▸ Exercise
The data below should be printed in full, exactly, and without any of its images.
● ● ●
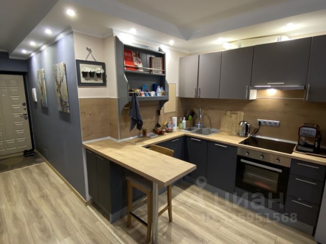 В квартире сделан качественный евроремонт. Есть вся необходимая мебель, как на кухне, так и в комнате. В кухне имеется необходимый набор посуды. Кроме, 4-х комфорочной стеклокерамической плиты имеется духовой шкаф, микроволновка, большой двухкамерный холодильник, вытяжка с подсветкой и светодиодная подсветка над столами.
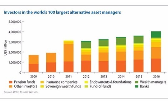 It should come as little surprise that institutional investors are piling more capital into alternatives than ever before – the low-interest rate environment has sent the search for returns into new asset classes. This was the context for Willis Towers Watson's latest global alternatives survey finding that the top 100 managers had $4.01 trillion in assets last year, up from $3.61 trillion in 2015.
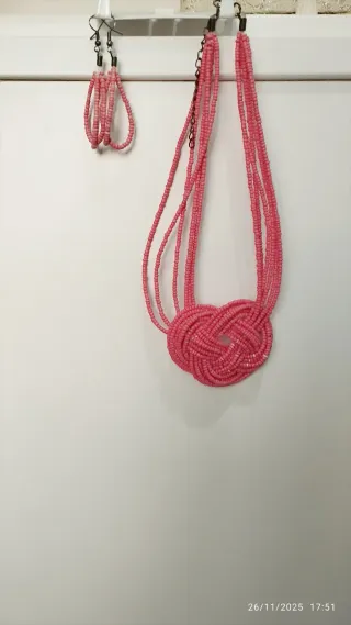 Conjunto collar y pendientes rosa
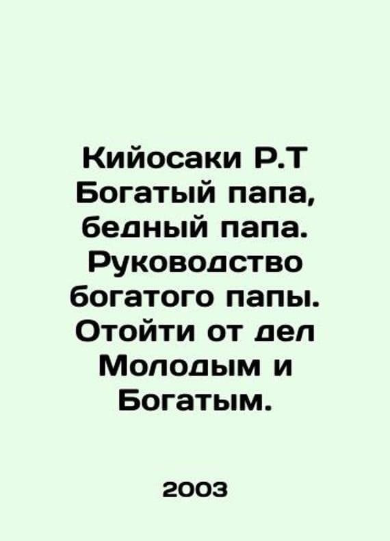 Kiyosaki R.T Rich dad, poor dad. Rich dads guide. Leave the Young and Rich. In Russian /Kiyosaki R.T Bogatyy papa, bednyy papa. Rukovodstvo bogatogo papy. Otoyti ot del Molodym i Bogatym. Success series. Minsk Popurri 2001, 2003.We have thousands of titles and often several copies of each title may be available. Please feel free to contact us for a detailed description of the copies available. SKUalb40827995bd0fd045.
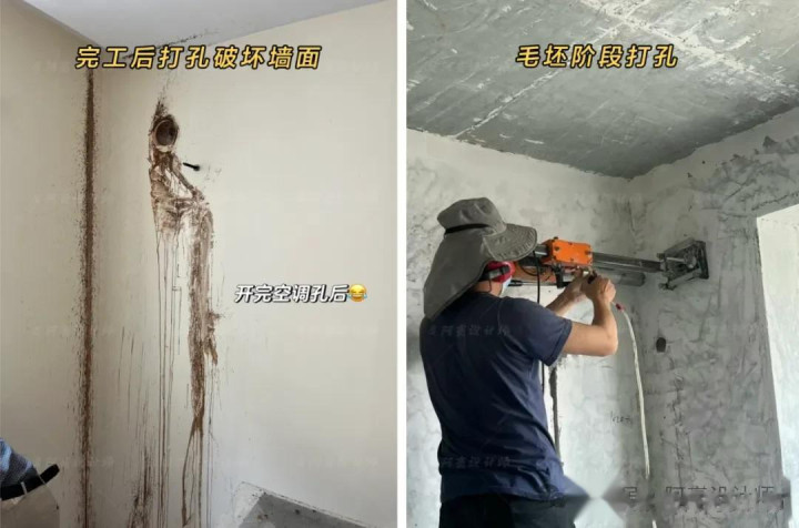 要毛坯时打孔:水电改造后、贴砖刷漆前,把需要打孔的位置(空调冷凝水孔、燃气热水器排烟孔)都标好,让师傅用专业工具打孔。提前留好孔,后期安装直接用,不会破坏装修。
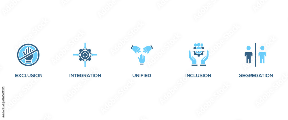 Inclusion revolution banner web icon set vector illustration concept with icon of exclusion, segregation, integration, inclusion and unified #1440607210
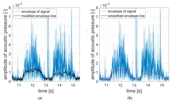 (a) Detail of modified envelope line with the elimination of the noise at the time of 13 s; (b) detail of smoothed modified envelope line.
● ● ●
▸ Solution below
 В квартире сделан качественный евроремонт. Есть вся необходимая мебель, как на кухне, так и в комнате. В кухне имеется необходимый набор посуды. Кроме, 4-х комфорочной стеклокерамической плиты имеется духовой шкаф, микроволновка, большой двухкамерный холодильник, вытяжка с подсветкой и светодиодная подсветка над столами.
 It should come as little surprise that institutional investors are piling more capital into alternatives than ever before – the low-interest rate environment has sent the search for returns into new asset classes. This was the context for Willis Towers Watson's latest global alternatives survey finding that the top 100 managers had $4.01 trillion in assets last year, up from $3.61 trillion in 2015.
 Conjunto collar y pendientes rosa
 Kiyosaki R.T Rich dad, poor dad. Rich dads guide. Leave the Young and Rich. In Russian /Kiyosaki R.T Bogatyy papa, bednyy papa. Rukovodstvo bogatogo papy. Otoyti ot del Molodym i Bogatym. Success series. Minsk Popurri 2001, 2003.We have thousands of titles and often several copies of each title may be available. Please feel free to contact us for a detailed description of the copies available. SKUalb40827995bd0fd045.
 要毛坯时打孔:水电改造后、贴砖刷漆前,把需要打孔的位置(空调冷凝水孔、燃气热水器排烟孔)都标好,让师傅用专业工具打孔。提前留好孔,后期安装直接用,不会破坏装修。
 Inclusion revolution banner web icon set vector illustration concept with icon of exclusion, segregation, integration, inclusion and unified #1440607210
 (a) Detail of modified envelope line with the elimination of the noise at the time of 13 s; (b) detail of smoothed modified envelope line.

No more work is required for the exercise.